BIOMED PhD Research Proposal

Title:
Modulating Macrophage Response to Biomaterials by Leveraging Biotin-Avidin Interactions

Speaker:
Victoria Nash, PhD Candidate
School of Biomedical Engineering, Science and Health Systems
Drexel University

Advisor:
Kara Spiller, PhD
Professor
School of Biomedical Engineering, Science and Health Systems
Drexel University

Details:
Tissue regeneration is a complex series of events, driven by highly plastic immune cells: macrophages. Typically, “pro-inflammatory” macrophages act early to support angiogenesis, while later acting “pro-reparative” macrophages support newly sprouted vasculature, assisting in tissue repair. This temporal switch is crucial to prevent either chronic inflammation or fibrosis. Approaches used in biomaterials engineering to temporally influence macrophage phenotype are surface coating or encapsulation of cytokines, however these are not amenable to a variety of biomaterials. Affinity interactions, such as heparin or albumin have been leveraged for drug delivery. They rely on weak interactions, like hydrogen bonding, to retain and deliver the drug. However, these systems require specific biomaterial formulations to 1) incorporate heparin or albumin into the material and 2) provide a favorable environment for weak interactions to occur between the drug and biomaterial for drug delivery. While these systems work for small molecules and some amino acids, they are limited for cytokine delivery because weak interactions are not stable enough for effective delivery.

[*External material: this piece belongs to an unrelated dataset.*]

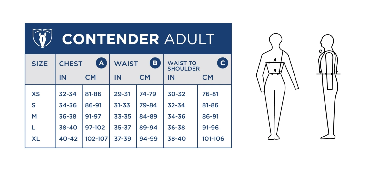 The all-new Contender Body Protector features dual-density padding, an anatomical fit, and ASTM | SEI Certification. Incredibly lightweight and breathable, the Contender is perfect for Eventers or any rider looking for extra protection. Careful construction and tailoring, along with multiple adjustment points, allow for a fuller range of motion and maximum flexibility while in the saddle. The hard-wearing exterior offers a streamlined silhouette, and the flexible back panel can be flipped up to accommodate a high cantle.

Biotin-avidin affinity becomes a favorable option because biotin, avidin (or its variants), can be directly conjugated to proteins, biomaterials, and even cells, without altering its bioactivity. Historically, avidin was first used as a model adjuvant, then explored as a protein carrier for adjuvants in vaccines, but modern uses of the affinity pair, biotin-avidin, range from analytical assays to targeted radioimmunotherapy. Biotin-avidin interactions are rarely used for drug release, due to biotin’s low dissociation rate from avidin (Kd = 10-15 M). However, release can be triggered by introducing free biotin to the system, promoting the release of biotinylated molecules from avidin. Yet it is not known how bioconjugation parameters can affect biotin-avidin interactions, potentially leading to controlled release profiles. Or even how biotin or avidin influence macrophage phenotype in the absence of additional cytokines. Therefore, the goal of this study is to determine how bioconjugation parameters can control biotin-avidin interactions to release a biotinylated cytokine to modulate macrophage phenotype in response to biomaterials.